In Russia, economy maintained a favorable trend, with forecasts of GDP growth equal to 3.4% for the year 2012. Building was still a driving sector and our cement sales volumes were buoyant (+15.3%). The good trend in demand favored a steady progress of average selling prices which in local currency were 13.1% higher than in 2011. Net sales posted a significant increase, from €176 million in 2011 to €235 million (+33.7%). Net of negative foreign exchange effect, the increase would have been of 30.5%.
United States of America
GDP growth for the current year is estimated at 2.2%, in improvement from +1.8% realized in 2011. As for construction investments, residential building strengthened with resilience in home prices; however, in a relative sense, the best performance was achieved by the non-residential and commercial segments. Hydraulic binders sales, after a buoyant first quarter, favored by weather conditions, maintained a sustained pace of growth and closed the year up by 10.5%. Demand rebound, after some years of stagnation, translated into an improvement also of selling prices (+2.9% in local currency). In the ready-mix concrete sector, volumes trend was less dynamic (+2.7%) but price environment was more favorable (+6.3%). Overall net sales at €681 million were up 22.0% from €558 million in the previous year. The increase was amplified by the dollar strengthening: at constant exchange rate, a 12.6% improvement would have been posted.

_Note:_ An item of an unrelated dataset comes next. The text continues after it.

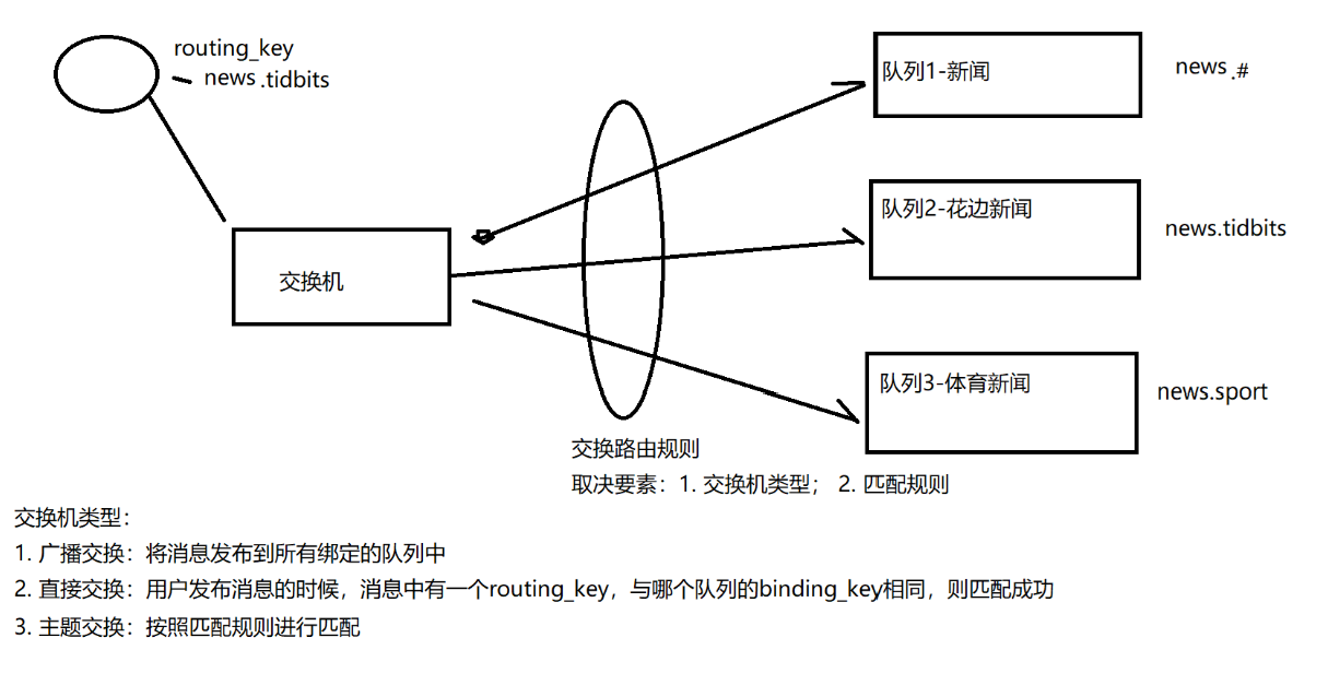 客户端将消息发布到指定的交换机,交换机这时候要考虑这条数据该放入到哪些与自己绑定的队列中,而这个考量是通过交换机类型以及匹配规则来决定的:

Mexico (50% consolidation)
The country’s economy had a favorable start of the year, with a GDP growth of over 4% and kept a positive and constant pace of progress, coming in at 3.3% for 2012. The construction industry rose by about 4%, driven by some major projects of civil engineering and by the good performance of the residential segment. Corporación Moctezuma’s cement volumes, were up 6.2% with favorable prices in local currency (+4.3%). Ready-mix concrete output posted a more robust improvement (+11.7%), with selling prices higher by 2.6%. Net sales came in at €269 million, up 13.1% over 2011. The figure was favorably impacted by the revaluation of the Mexican peso, net of which net sales would have increased by 10.6%.
Based on the preliminary information available, we expect that the consolidated financial statements of the year 2012 will close with a recurring Ebitda of about €450 million, in line with the outlook already disclosed to the market in the previous releases.
The Board of Directors for the approval of the statutory and consolidated financial statements is scheduled to meet on March 28, 2013.
Moreover the Board of Directors, in its capacity as majority shareholder of the German subsidiary Dyckerhoff AG with an ownership interest equal to 96.64% of its share capital, resolved to initiate the squeeze-out procedure for the transfer of all outstanding ordinary and preferred shares still held by minority shareholders. Pursuant to German law, such a procedure shall be resolved upon by the Shareholders Meeting of Dyckerhoff AG expected to be held in July 2013. In compliance with law obligations, Buzzi Unicem shall offer an adequate cash compensation per each ordinary and preferred share, based on the opinion prepared by an accounting expert. The fairness of the determined cash compensation shall be examined by an expert auditor chosen and appointed by the court. We think that the whole procedure can be completed in 2013, with the delisting of Dyckerhoff AG from stock exchange.
The manager responsible for preparing the company’s financial reports, Silvio Picca, declares, pursuant to paragraph 2 of Article 154 bis of the Consolidated Law on Finance, that the accounting information contained in this press release corresponds to the document results, books and accounting records.